1

I have multiple images of an object taken by the same calibrated camera. Let's say calibrated means both intrinsic and extrinsic parameters (I can put a checkerboard next to the object, so all parameters can be retrieved). On these images I can find matching keypoints using SIFT or SURF, and some matching algorithm, this is basic OpenCV. But how do I do the 3D reconstruction of these points from multiple images? This is not a classic stereo arrangement, so there are more than 2 images with the same object points on them, and I want to use as many as possible for increased accuracy.

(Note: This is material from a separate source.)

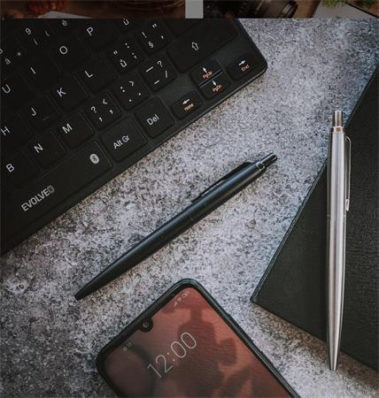 Golyóstoll, 0,7 mm, nyomógombos, fekete színű klip, matt fekete tolltest, PARKER, "Royal Jotter XL", kék

Are there any built-in OpenCV functions that do this?

(Note that this is done off-line, the solution does not need to be fast, but robust)

Cœur
  • 37,241
  • 25
  • 195
  • 267
icguy
  • 560
  • 4
  • 14

2 Answers2

1

I guess you are looking for so-called Structur from motion approaches. They are using multiple images from different viewpoints and return a 3D reconstruction (e.g. a pointcloud). It looks like OpenCV has a SfM module in the contrib package, but I have no experiences with it.

However, I used to work with bundler. It was quite uncomplicated and returns the entire information (camera calibration and point positions) as text file and you can view the point cloud with Meshlab. Please note that it uses SIFT keypoints and descriptors for correspondence establishment.

gfkri
  • 2,151
  • 21
  • 23
  • thanks, I managed to figure it out myself, but your answer was helpful! – icguy Jul 14 '16 at 15:03
  • you're welcome, but usually you can provide camera intrinsics for SfM approaches to improve the result (at least bundler is able to estimate them itself, but depending on the amount of images the result was worse)...thats why i thought SfM is easier for you than putting a checkerboard next to your object (and have it placed such that is apparent in every image)... – gfkri Jul 14 '16 at 15:28
1

I think I have found a solution for this. Structure from motion algorithms deal with the case where the cameras are not calibrated, but in this case all intrinsic and extrinsic parameters are known.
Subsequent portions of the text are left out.